▸ **EXERCISE DESCRIPTION**
Write out the records below from the first line through the line containing "8. Колесник Е.А., Дерхо", leaving out any pictures.

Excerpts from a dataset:

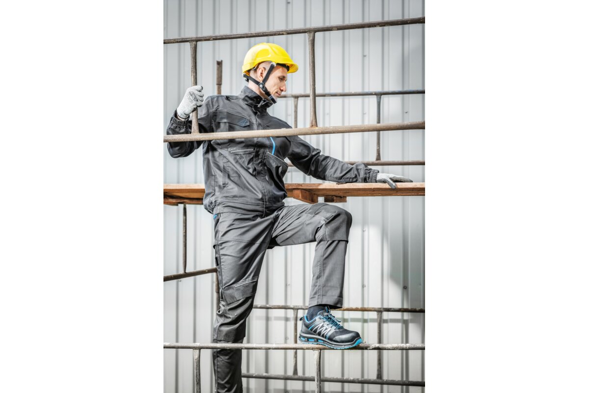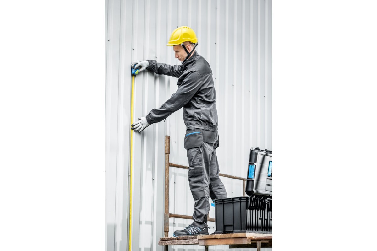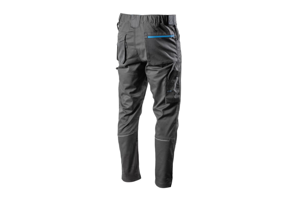 Spodnie ochronne wykonane z elastycznego materiału, który zapewnia pełną swobodę ruchów, idealne do pracy w dynamicznych warunkach. Zastosowanie materiału OXFORD 300D w kieszeniach na narzędzia oraz nakolannikach zapewnia dodatkową trwałość, a rozciągliwy panel w kroku i elastyczny pasek zwiększają komfort. Dzięki funkcjonalnym kieszeniom, dodatkowym szlufkom oraz elementom odblaskowym, spodnie są praktyczne, bezpieczne i wygodne do noszenia przez cały dzień pracy w różnych branżach technicznych i budowlanych.
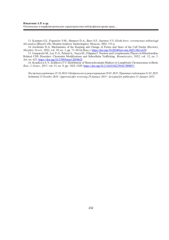8. Колесник Е.А., Дерхо М.А., Ребезов М.Б. Функциональные морфоденситометрические параметры хроматина ядра и цитоплазмы эритробластов и эритроцитов птиц в постэмбриональном онтогенезе // Аграр. вестн. Урала. 2024. Т. 24, No 1. С. 59-85. DOI: 10.32417/1997-4868-2024-24-01-59-85 EDN: MYWOZF
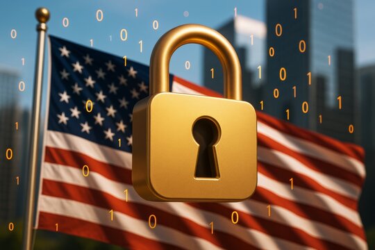 Golden padlock symbolizing cybersecurity in front of waving American flag with binary code and blurred cityscape background in bright light.
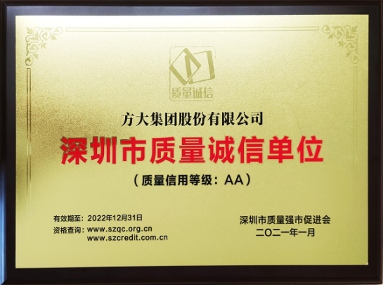 近日,深圳市质量强市促进会公布了质量诚信(示范)单位认定名单,3044永利获得“深圳市质量诚信单位”认证。
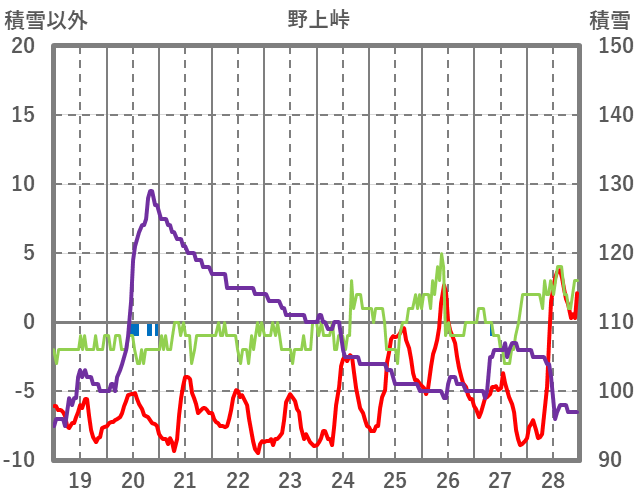 | 日 | 時 | 気温 | 降水 | 風向/風速 | 日照 | 積雪 | 降雪 |
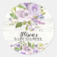 Pretty baby shower favour seal featuring a watercolor purple lavender floral bouquet set on a rustic wood background
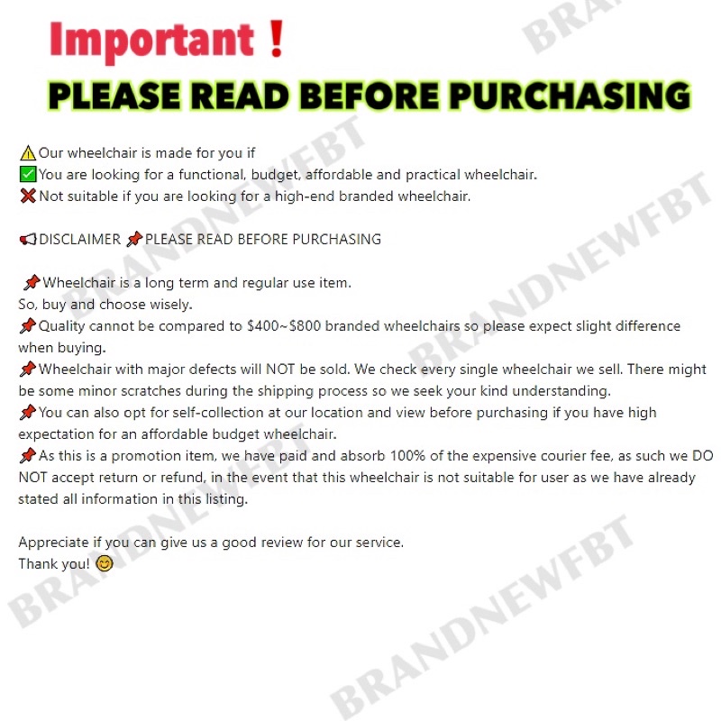 ? As this is a promotion item, we have paid and absorbed 100% of the expensive courier fees which you only paid $0, as such we ❌DO NOT accept return or refund, in the event that this item is not suitable for user as we have stated all information in this listing. PM us if u not sure.

▸ **RESPONSE BOX**
 Spodnie ochronne wykonane z elastycznego materiału, który zapewnia pełną swobodę ruchów, idealne do pracy w dynamicznych warunkach. Zastosowanie materiału OXFORD 300D w kieszeniach na narzędzia oraz nakolannikach zapewnia dodatkową trwałość, a rozciągliwy panel w kroku i elastyczny pasek zwiększają komfort. Dzięki funkcjonalnym kieszeniom, dodatkowym szlufkom oraz elementom odblaskowym, spodnie są praktyczne, bezpieczne i wygodne do noszenia przez cały dzień pracy w różnych branżach technicznych i budowlanych.
8. Колесник Е.А., Дерхо М.А., Ребезов М.Б. Функциональные морфоденситометрические параметры хроматина ядра и цитоплазмы эритробластов и эритроцитов птиц в постэмбриональном онтогенезе // Аграр. вестн. Урала. 2024. Т. 24, No 1. С. 59-85. DOI: 10.32417/1997-4868-2024-24-01-59-85 EDN: MYWOZF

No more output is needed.